Data for review START

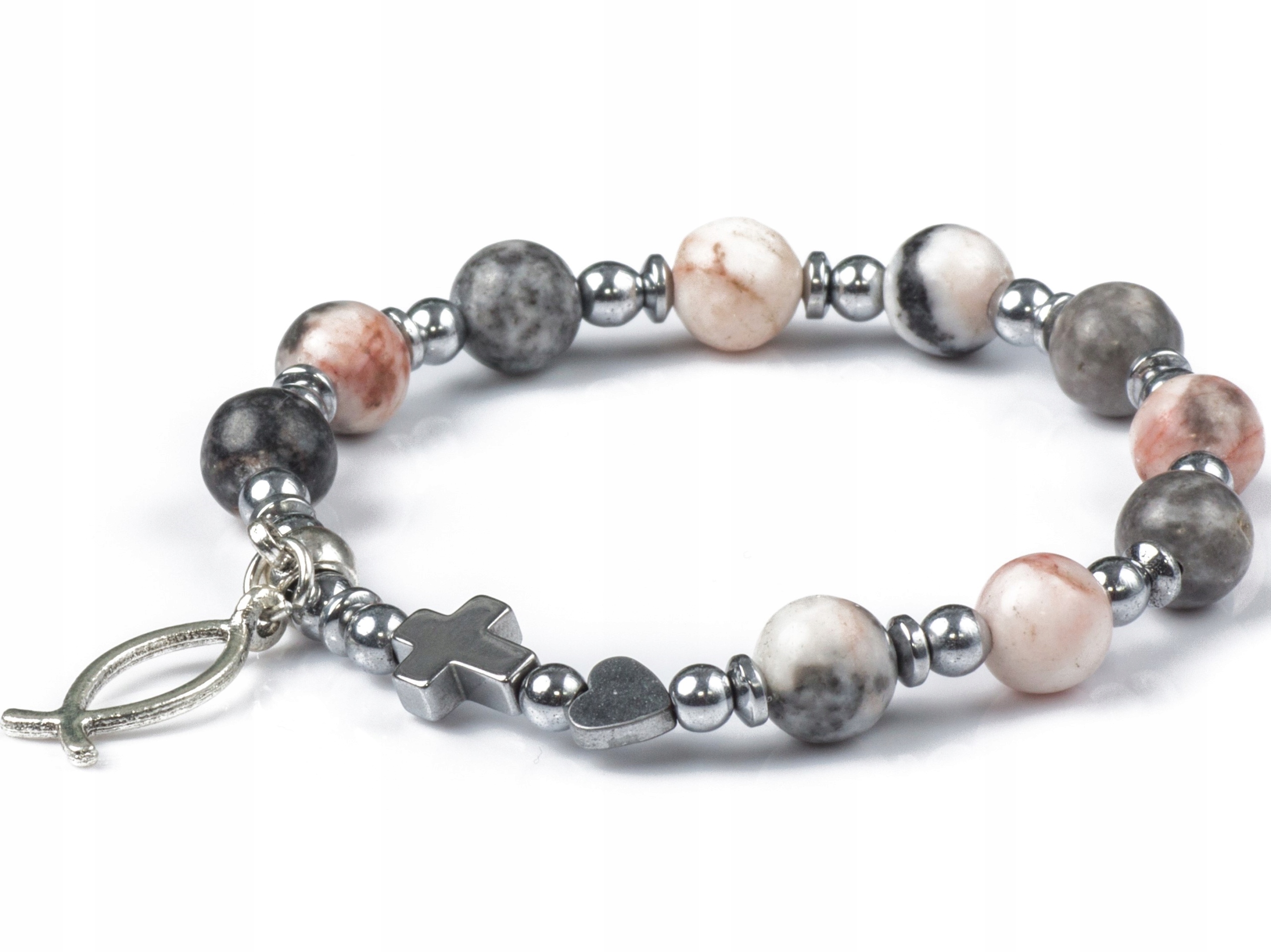 Браслет с десятой четок ручной работы из полу -драгоценные камни Родонит (размер бусины 8мм) и гематит (проставки, сердечко, крестик).
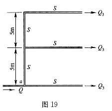 问题 三层供水管路,如图19所示。各管段的阻抗S皆为106s2/m5,层高均为5m。设a点的作用水头为20mH2O,那么流量Q1、Q2、Q3分别为( )。
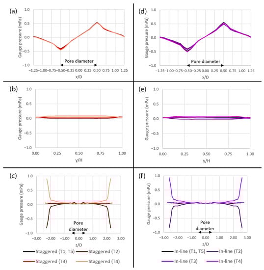 The plots of gauge pressure across the domain with the pore diameter of 10 µm for two different pattern layouts at five different time points (T1–T5) during a deformation cycle. (a) Along the x-axis in the staggered pattern, (b) along the y-axis in the staggered pattern, (c) along the z-axis in the staggered pattern, (d) along the x-axis in the in-line pattern, (e) along the y-axis in the in-line pattern and (f) along the z-axis in the in-line pattern. The plot locations are shown in Figure 5a.
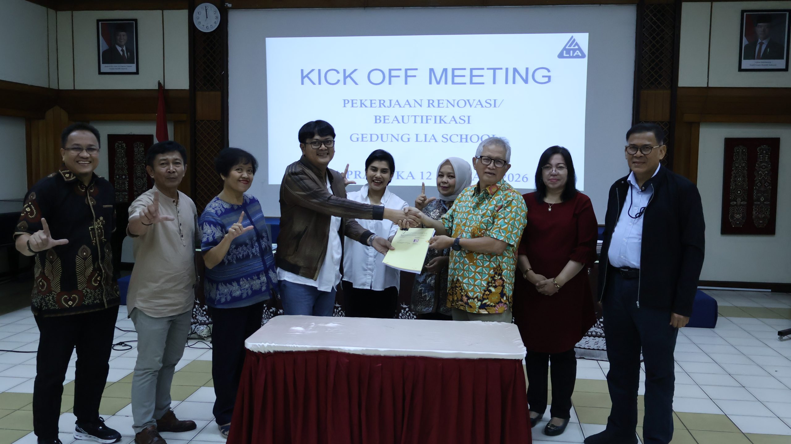 YAYASAN LIA secara resmi memulai pekerjaan renovasi dan beautifikasi Gedung LB LIA Pramuka yang akan digunakan sebagai SMA LIA, ditandai dengan pelaksanaan Kick Off Meeting dan acara syukuran pada Senin, 12 Januari 2026, bertempat di Auditorium LB LIA Pramuka. Kegiatan ini menjadi momentum penting sebagai langkah awal transformasi Gedung LIA Pramuka agar siap mendukung proses pembelajaran jenjang Sekolah Menengah Atas (SMA) LIA dengan lingkungan yang lebih modern, nyaman, dan representatif.
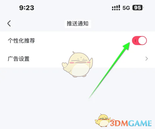3、在推送通知页面,关闭【个性化推荐】即可,如图所示。
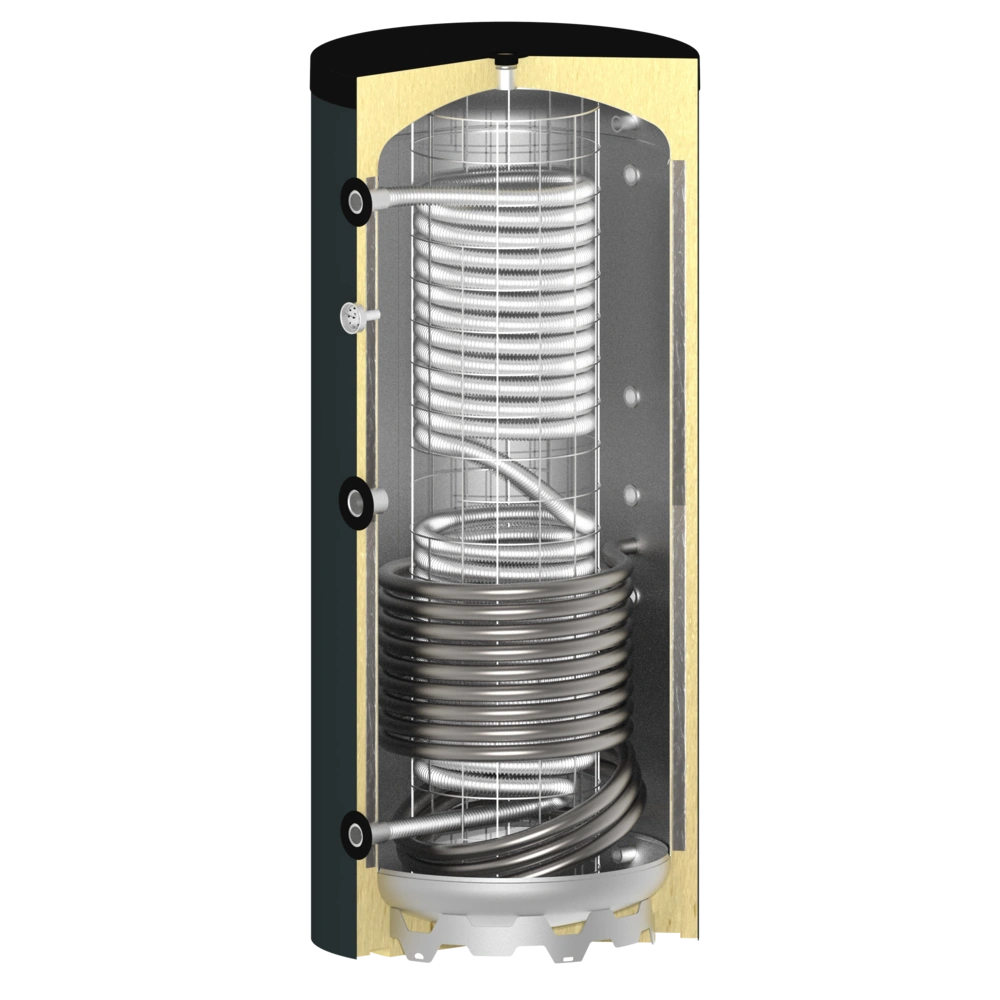 Frage zum 200l Frischwasserspeicher 516008262 mit einem Glattrohrwärmetauscher: Das Bild zeigt einen Glattwärmetauscher. In den technischen Daten auf S.16 gibt es C und E Zusatzwärmetauscher 4,2l oben und einen J und M Zusatzwärmetauscher 7,5l unten. Was ist richtig? Gibt es auch eine 90 Grad Variante vom 200l Modell?
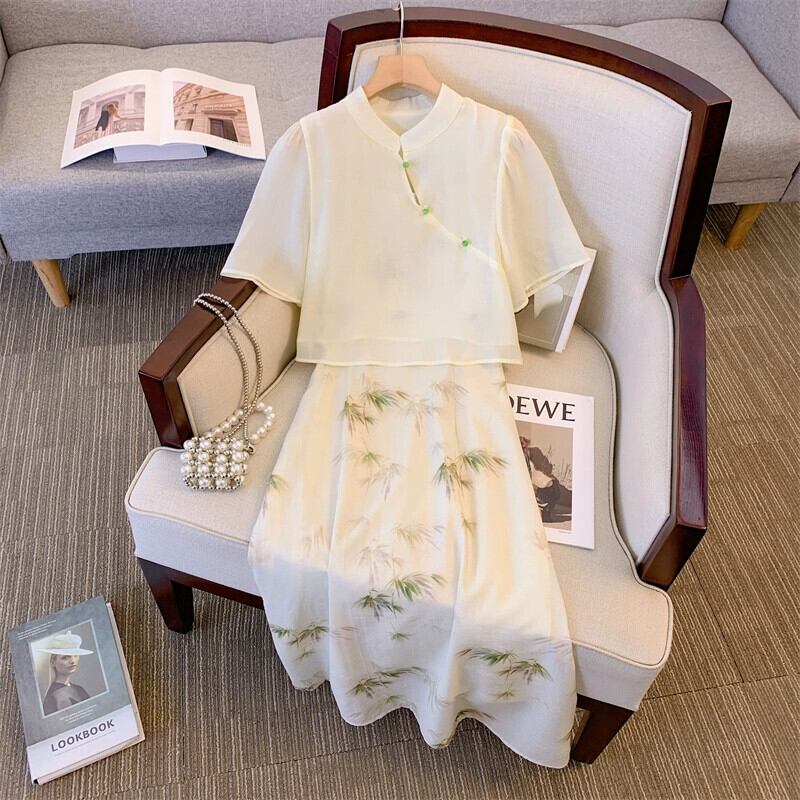 プラスサイズの婦人服 2023 夏服ファットシスターシックカジュアル年齢軽減トップスデザインセンスサスペンダードレス 2 点セット 大きめサイズ サマー 夏物 8884159445754699

Data for review END

#### Work instructions:
What is needed is an exact retyping of the lines from the start of the data through the line with "The plots of", with both end lines kept and every picture left out.

#### Answer to this exercise:
 Браслет с десятой четок ручной работы из полу -драгоценные камни Родонит (размер бусины 8мм) и гематит (проставки, сердечко, крестик).
 问题 三层供水管路,如图19所示。各管段的阻抗S皆为106s2/m5,层高均为5m。设a点的作用水头为20mH2O,那么流量Q1、Q2、Q3分别为( )。
 The plots of gauge pressure across the domain with the pore diameter of 10 µm for two different pattern layouts at five different time points (T1–T5) during a deformation cycle. (a) Along the x-axis in the staggered pattern, (b) along the y-axis in the staggered pattern, (c) along the z-axis in the staggered pattern, (d) along the x-axis in the in-line pattern, (e) along the y-axis in the in-line pattern and (f) along the z-axis in the in-line pattern. The plot locations are shown in Figure 5a.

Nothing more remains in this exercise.